Environmental groups push EPA to hold mining companies accountable

Proposed rules would protect taxpayers

WASHINGTON, D.C. – Environmental groups are calling on the Environmental Protection Agency to hold mining companies financially accountable for on-site damages at mines in a report released this week.

The report was released just days before the U.S. House on Thursday passed the 2017 Interior and Environment Appropriations bill, which includes funding for the Department of the Interior and the EPA. The bill awaits passage in the U.S. Senate. The House stripped language that would have blocked proposed EPA rules that the environmental groups are demanding.

Published by the environmental interest group Earthworks, the report says that the EPA should require mining companies to provide financial assurance that they can pay for any necessary hazardous waste cleanup at mine sites.

Earthworks, along with the Sierra Club, Amigos Bravos, Great Basin Resource Watch and Communities for a Better Environment, successfully sued the EPA in 2015 to require that the agency draft rules on the issue, after the Gold King Mine spill.
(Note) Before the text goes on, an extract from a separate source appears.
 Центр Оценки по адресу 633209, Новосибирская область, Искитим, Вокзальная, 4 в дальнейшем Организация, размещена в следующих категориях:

While a Superfund law has required these assurances since 1983, the EPA did not work to finish writing them until required by a D.C. Circuit Court last year.
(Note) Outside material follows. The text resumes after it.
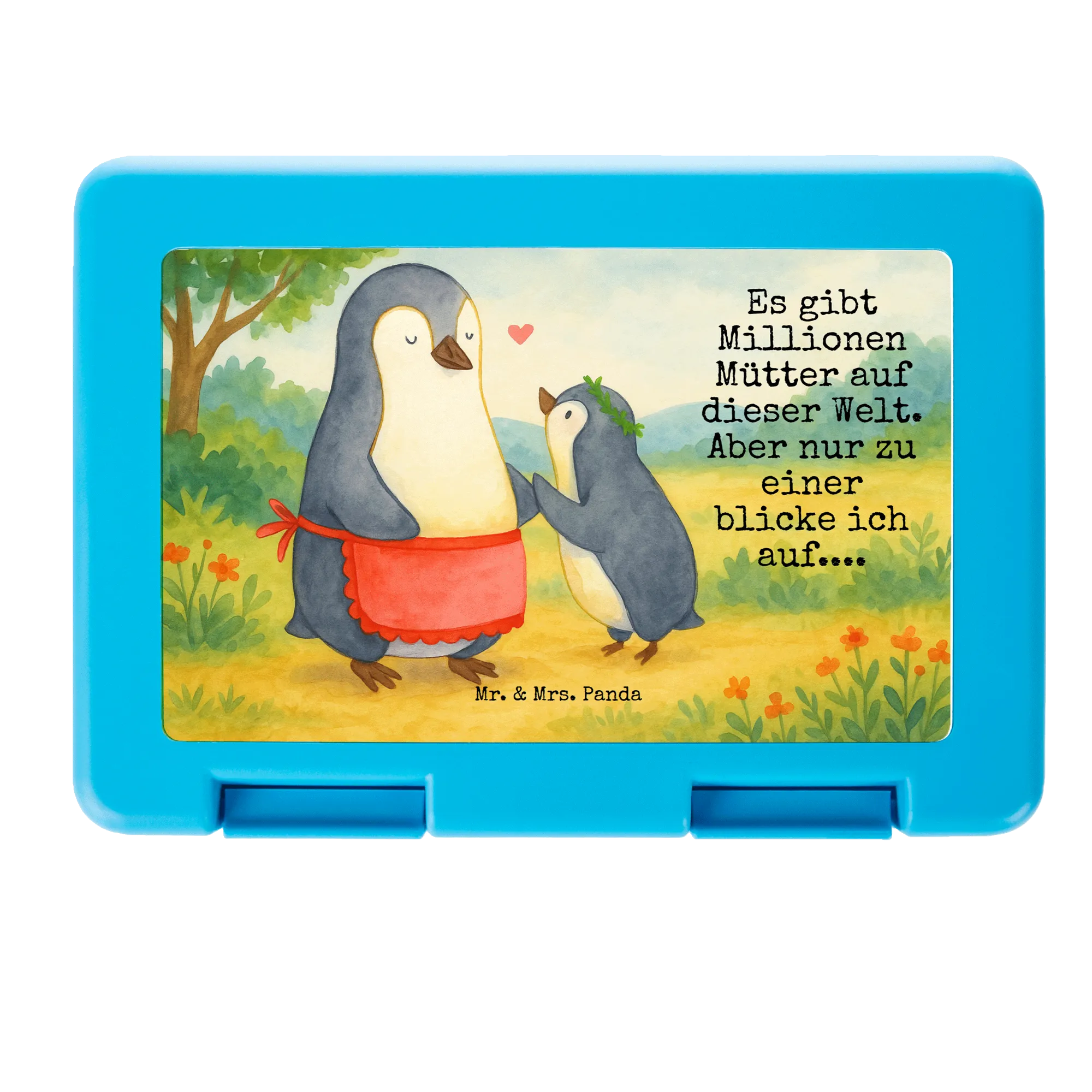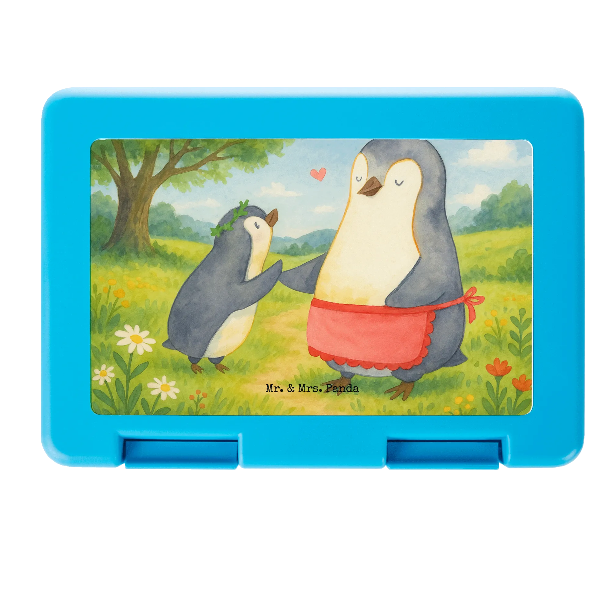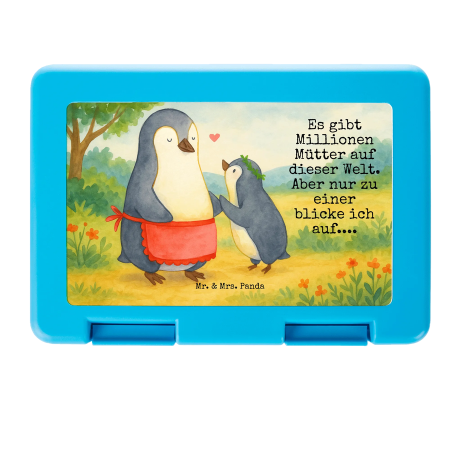 Diese entzückende Brotdose aus unserer Familien-Kollektion vereint Funktionalität mit ganz viel Herz. Das Motiv zeigt eine liebevolle Szene: eine fürsorgliche Mama-Pinguin mit roter Schürze und ihr kleines Küken mit grünem Kranz, verbunden durch ein schwebendes Herz. Ein perfektes Geschenk für Mama zum Muttertag, zum Geburtstag oder einfach als kleine Aufmerksamkeit.

Report author Stu Levit of the Center for Science in Public Participation said that requiring companies to put money in bonds up-front is a vital and reasonable way to ensure that they pay for expenses, rather than taxpayers.

“I don’t blame industry for watching its bottom line, but it shouldn’t be at the expense of taxpayers,” Levit said. “Mining and the cost of cleanup are a necessary and imperative part of business.”
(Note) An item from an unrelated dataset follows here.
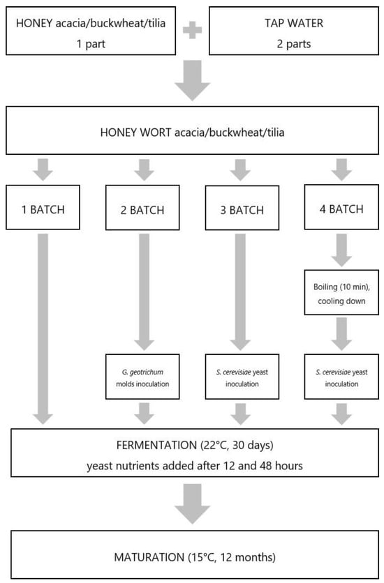 To prepare honey wort, one part of each honey was diluted with two parts of tap water (v/v) to reach 34°Brix. From each honey, four wort batches (2 L each) were prepared: three were not heated and one batch was boiled for 10 min. After cooling the boiled batch to room temperature (around 25 °C), tap water was added to reach 34°Brix. To three unheated batches (one from every type of honey), inoculated G. geotrichum mold was added. To three unheated and three heated batches (two from every type of honey), S. cerevisiae yeast inoculum (1.5 g/L) was added. The last three batches (one from every type of honey) were not inoculated. The production process of all batches is presented in Figure 6. All wort batches were mixed and closed with a fermentation pipe. Diammonium phosphate (DAP) and the commercial nutrient “Kombi Vita” (Browin, Poland) containing diammonium hydrogen phosphate, yeast cell wall components, and thiamine hydrochloride were added to each batch in two equal parts (1 g/L and 1.5 g/L, respectively, in total) after 12 and 48 h of fermentation. Fermentation was carried out at 22 °C for 30 days. After 30 days of fermentation, meads were decanted from the yeast sediment, closed with fermentation pipes, and kept at 15 °C for 12 months for maturation. Decanting from the sediment was repeated at 3 and 6 months of maturation. Labeling of the samples was set to include honey and fermentation type and heating/not heating of the wort. All sample labels together with a precise description of the parameters used are shown in Table 5.

Levit said that companies need to put enough money into a bond or trust to pay for the “reasonable worst case scenario” that is determined after a mine has been evaluated. He also said that if an adequate bond had been in place at sites such as the Gold King Mine, money would have been in place that could have lessened financial impacts.

In Colorado, some state regulations require individuals and companies to post a reclamation bond to ensure they have sufficient funds to reclaim the site. However, if these new rules are adopted by the EPA, companies would no longer be allowed to post “self-bonds,” or corporate guarantees of payment, but would need to be able show funds up front.

Steve Fearn, a former stakeholder in the Gold King Mine, said he believes that Colorado’s laws are working, and that local and state governments are capable of handling issues.

More than 50 organizations, including the San Juan Citizens Alliance, have signed a letter in support of the report’s key components, said Lauren Pagel, Earthworks policy director. One of those components is to prioritize putting money into trusts for sites that will require long-term hazardous waste monitoring.

“We know that a lot of these mines, as we’ve seen from mines like the Gold King Mine, is that they need long-term treatment for hundreds or even thousands of years,” Pagel said. “So making sure that the money for that perpetual treatment is there, so that 25 or 50 years from now, that money is there and taxpayers won’t be left to clean up the bill.”

The EPA is required to release a draft of its rules by Dec. 1, and the final rules will be released in December 2017.

Kate Magill is a student at American University in Washington, D.C., and an intern for The Journal.